Now do that with a common phone.

Not do that with any easily commercially available phone.

You'd still connect to the closest one though

You can buy GSM modules and program them yourself, no?
If they just have one cell tower and no information about the distance to it, it's incredibly inaccurate. You could also have it use another ranking algorithm than "highest signal", ranking the more used cell towers higher.

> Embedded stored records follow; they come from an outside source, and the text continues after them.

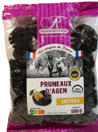
1 375g & 500g
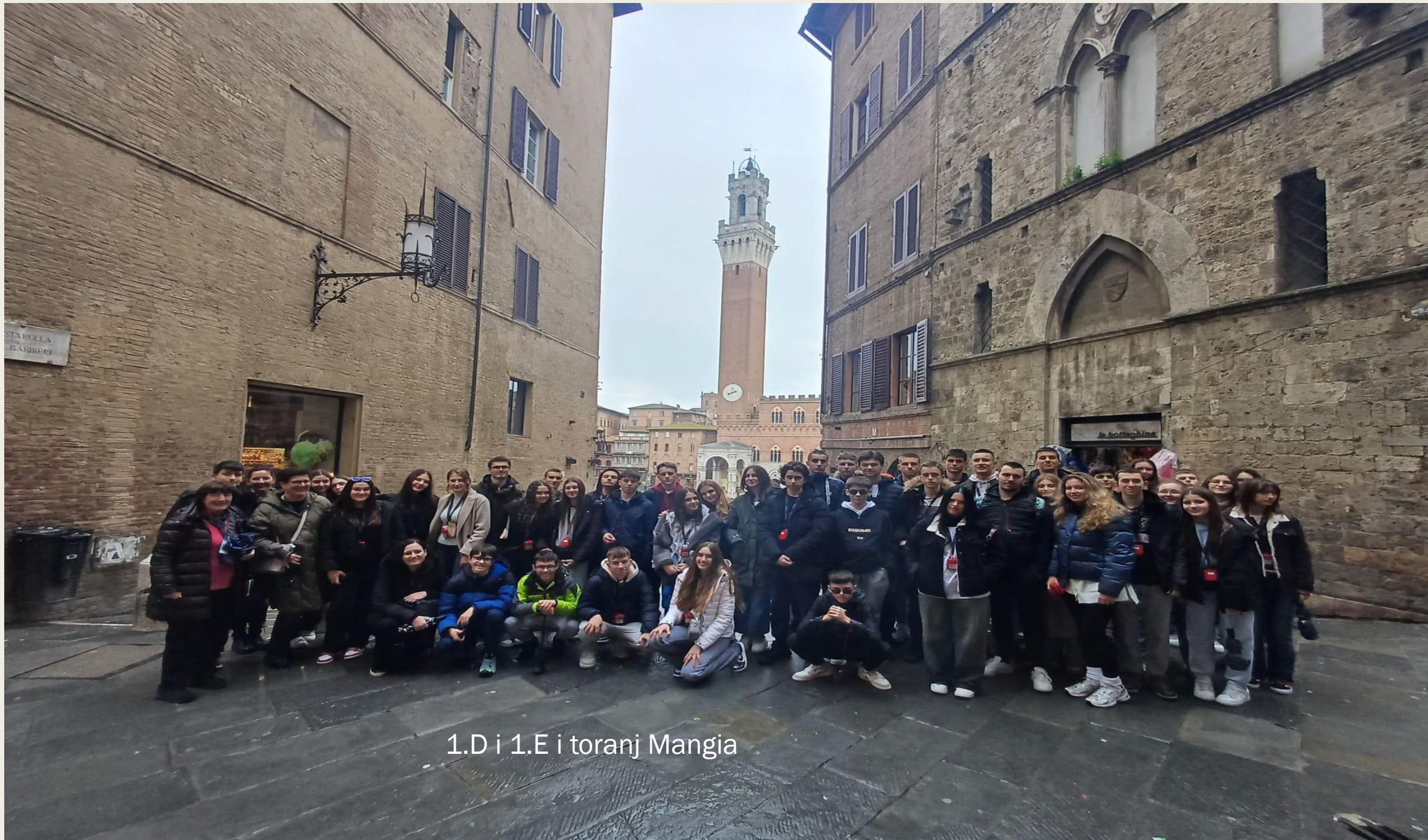
1.D i 1.E i toranj Mangia
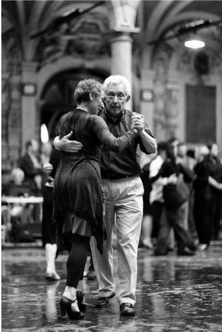
Il tango, affermava Enrique Santo Discepolo, è un pensiero triste che si balla.
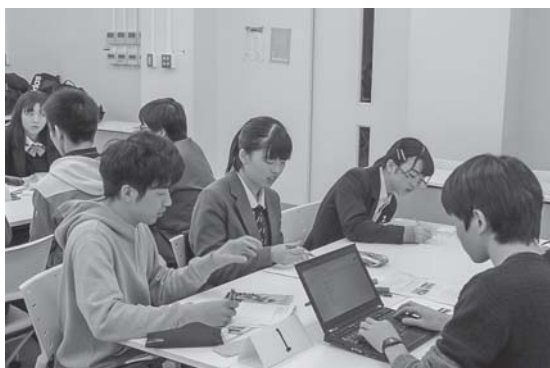
アイデアをまとめる高校生・大学生
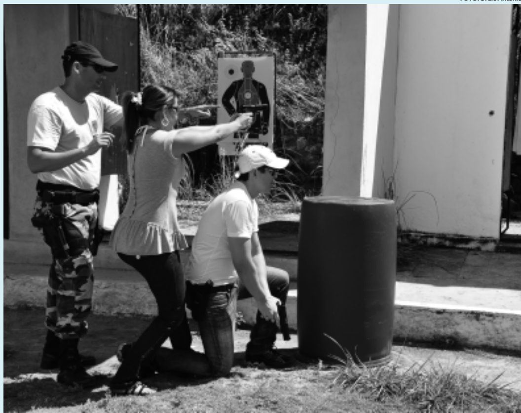
Ontem, vinte policiais participaram de treinamento de tiro, dentro do curso de Tática e Abordagem
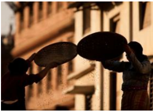
Katmandou (1330 m) 📍
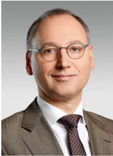
Saludos cordiales, Werner Baumann, CEO of Bayer AG

Última actualización miércoles - marzo 18, 2020 | Copyright © Bayer Centro América y el Caribe https://centroamerica.bayer.com/es/nuestro-compromiso-durante-la-pandemia-de-coronavirus.php
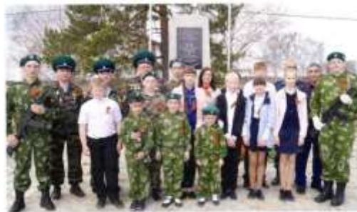
Покровская пограничная застава

В рамках патриотического воспитания территориальная администрация тесно сотрудничает с 42 Нижнетагильской ракетной дивизией, руководителем генерал-майор Эдуард Юрьевич СТАРОВОЙТЕНКО , Нижнетагильским ОМОН, ру-
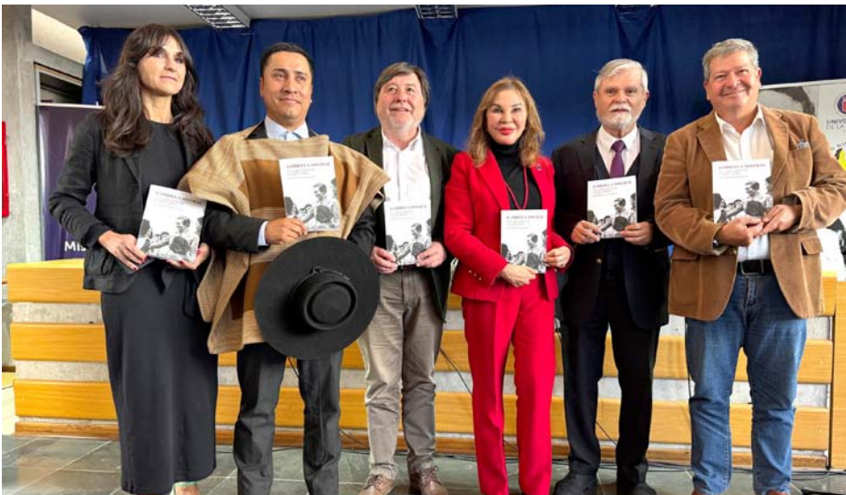
La actividad fue organizada por la Universidad de La Serena en conjunto con la Biblioteca del Congreso Nacional y reunió a autoridades, académicos, estudiantes y vecinos de la región.

“Gabriela Mistral nació en Vicuña, pero vivió sus primeros años en Montegrande, donde era oriunda su familia, especialmente por parte de su madre. Su infancia no fue fácil. A los 9 o 10 años fue apedreada por sus compañeras de curso, instigadas
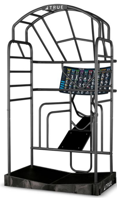
全身の筋肉を整える
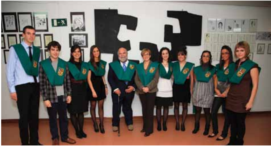
Alumnos becados junto con el Director y la Subdirectora
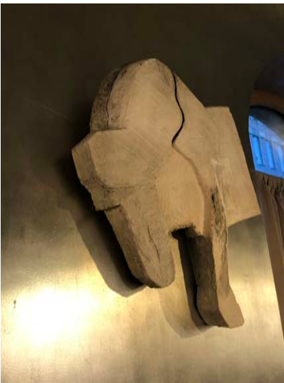
"Desire Lines 2" Frigolit, Jesmonite. 2020. 80 x 60 x 10 cm
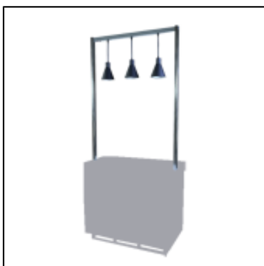
Mâts et lampes triangulaires UP - L100 cm
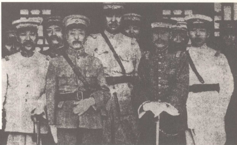
直系军阀吴佩孚（前右）、奉系军阀张作霖（前左）在北京会面
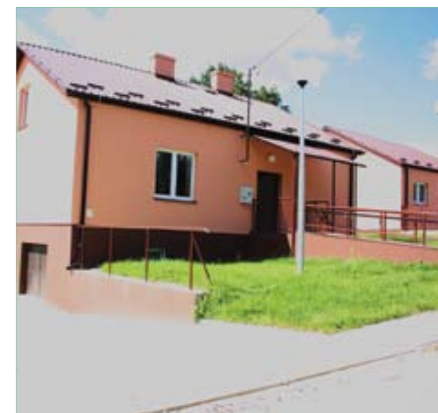
Ceber – świetlica wiejska
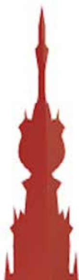
Oecumenisch Citypastoraat / Stadskerk Nijmegen

In het centrum zijn activiteiten van het Oecumenisch Citypastoraat in de
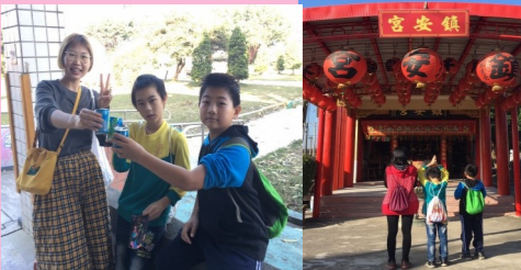
五甲 社區自行車之旅

小黑是我的好夥伴，相處的那段時間裡，我們總是分享彼此的喜怒哀樂，現在牠不在我的身邊，希望牠的新主人能像我一樣的照顧牠，我會一直記得牠—小黑。
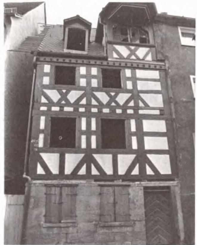
Untere Fischerstraße 9

Ein städtisches Anwesen gleicher Güte oder gar im Zustand aktueller Renovierung bzw. Sanierung konnte im St. Michaels-Viertel nicht ausfindig gemacht werden.
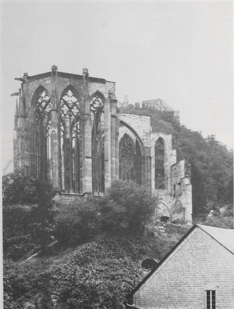
Abb. 1 Bacharach, Wernerkapelle. Zustand zu Anfang der 20er Jahre (Marburg 23929)
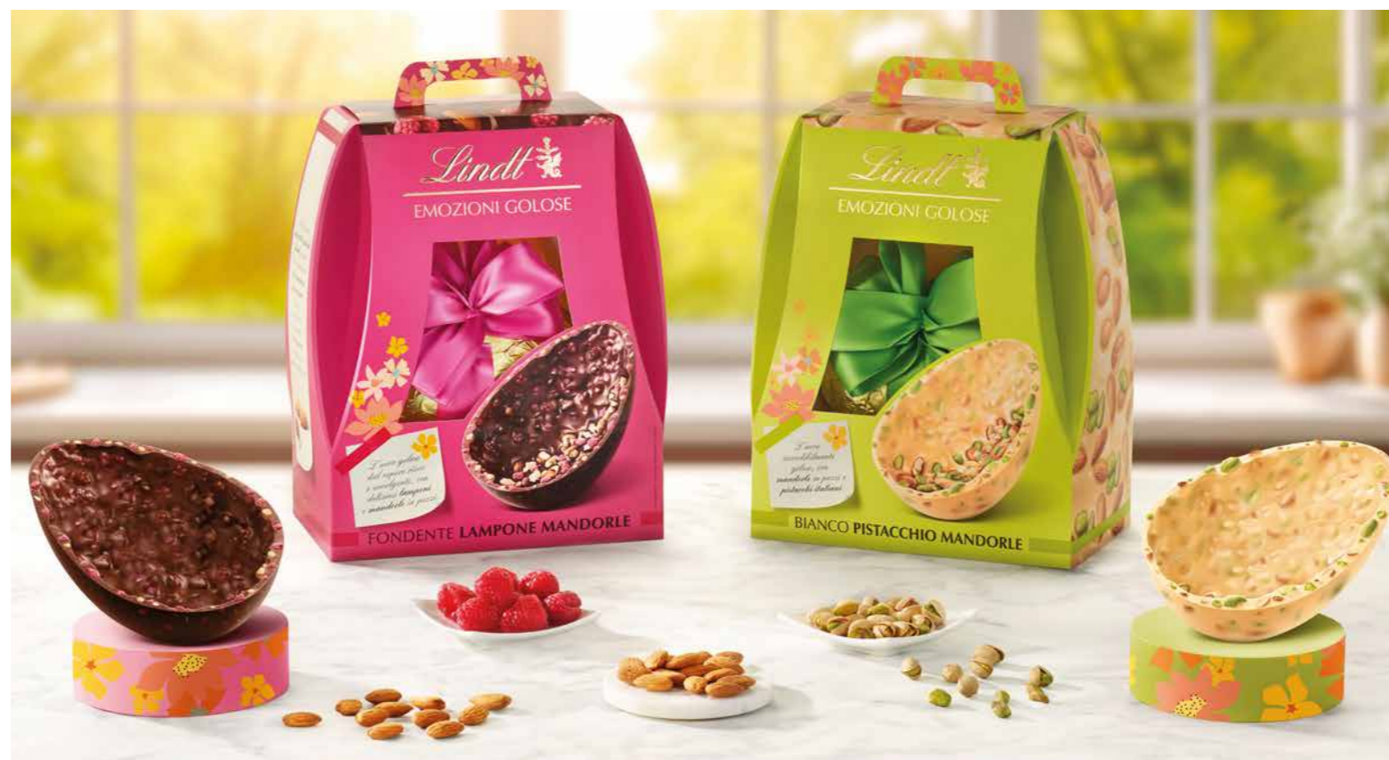
LI850959 - UOVO FONDENTE LAMPONE 360G / € 36,50 + IVA
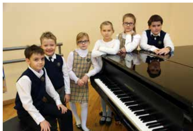
Ломоносовская школа №5
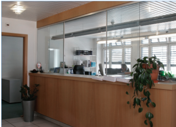
Grosszügiger Eingang mit Schalter, Sekretariat und umfangreicher Infrastruktur
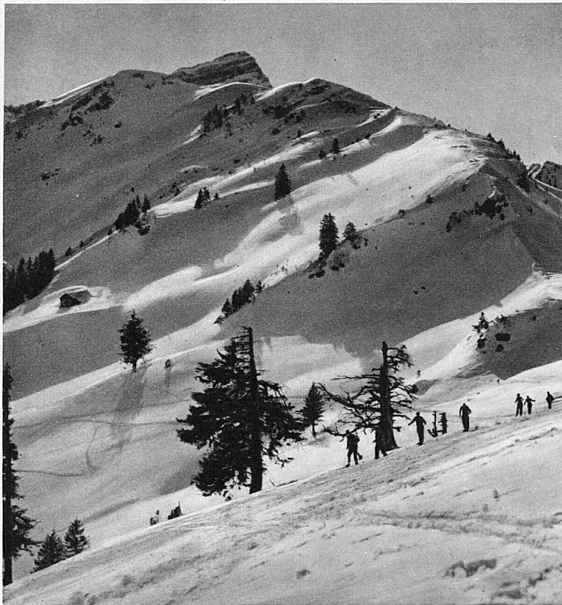
Bei Nesslau im Obertoggenburg
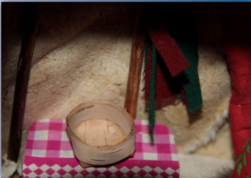
Полог внутри кукольного чума. Экспонат ГУ «ЯНОМВК им. И. С. Шемановского»
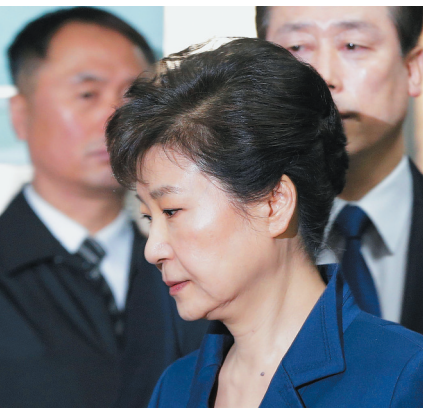
3月30日朴槿惠到达首尔中央地方法院的资料照片。
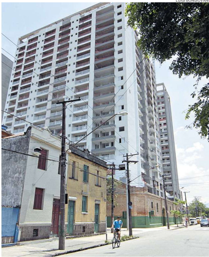
Novas construções na área das ruas Silva Jardim e Campos Melo

A Reportagem constatou o excesso de matagal e lixo, na
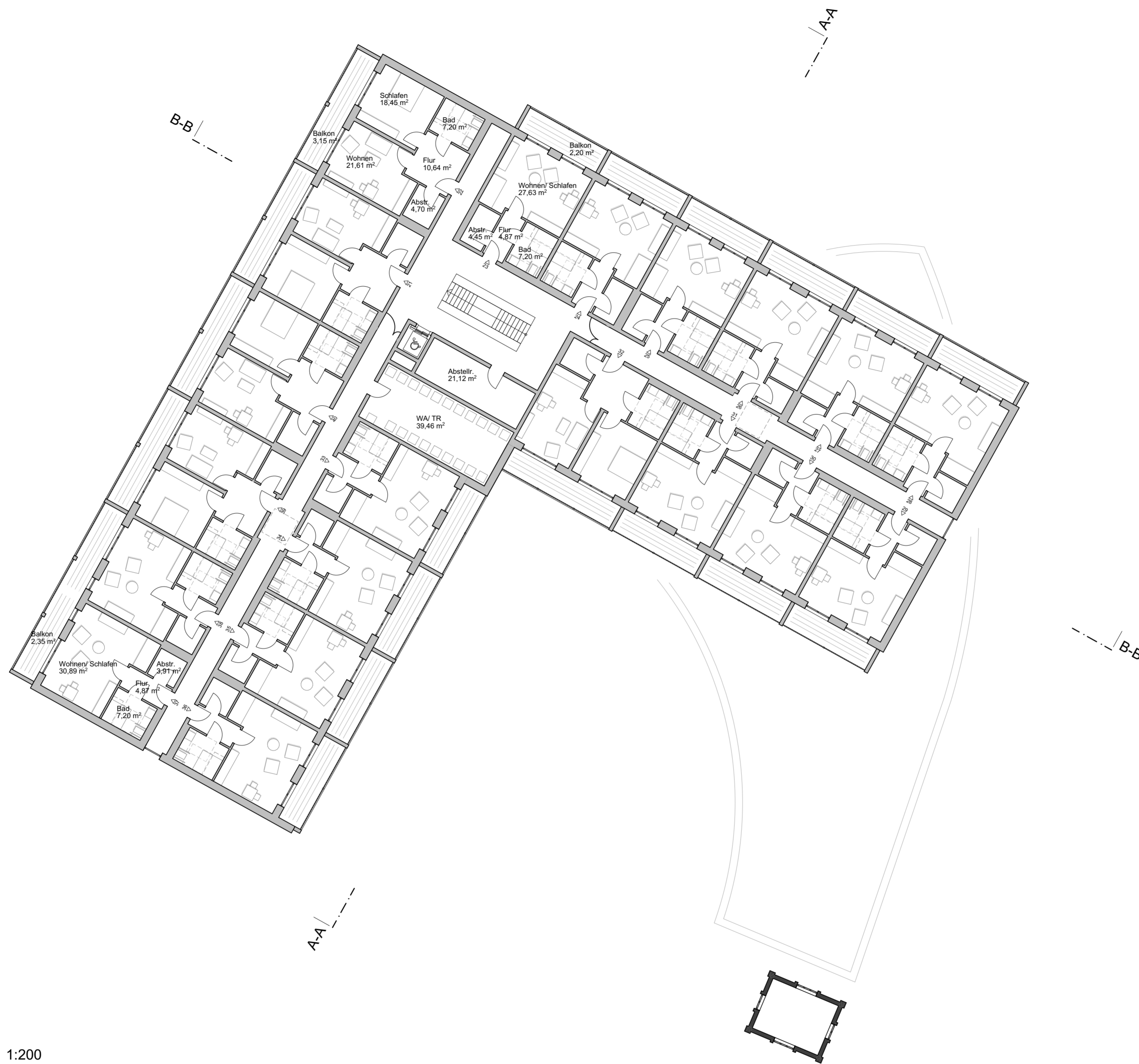
2. OBERGESCHOSS 1:200

Also, you could mechanically block out more or less of the signal by covering the GSM transmitter.

>You can buy GSM modules and program them yourself, no?
No, GSM modules are invariably black boxes running their own microcode that you interface with.

hackaday.com/2016/04/08/build-your-own-gsm-base-station-for-fun-and-profit/
You can build your own GSM station, how come you can't build your own GSM transmitter?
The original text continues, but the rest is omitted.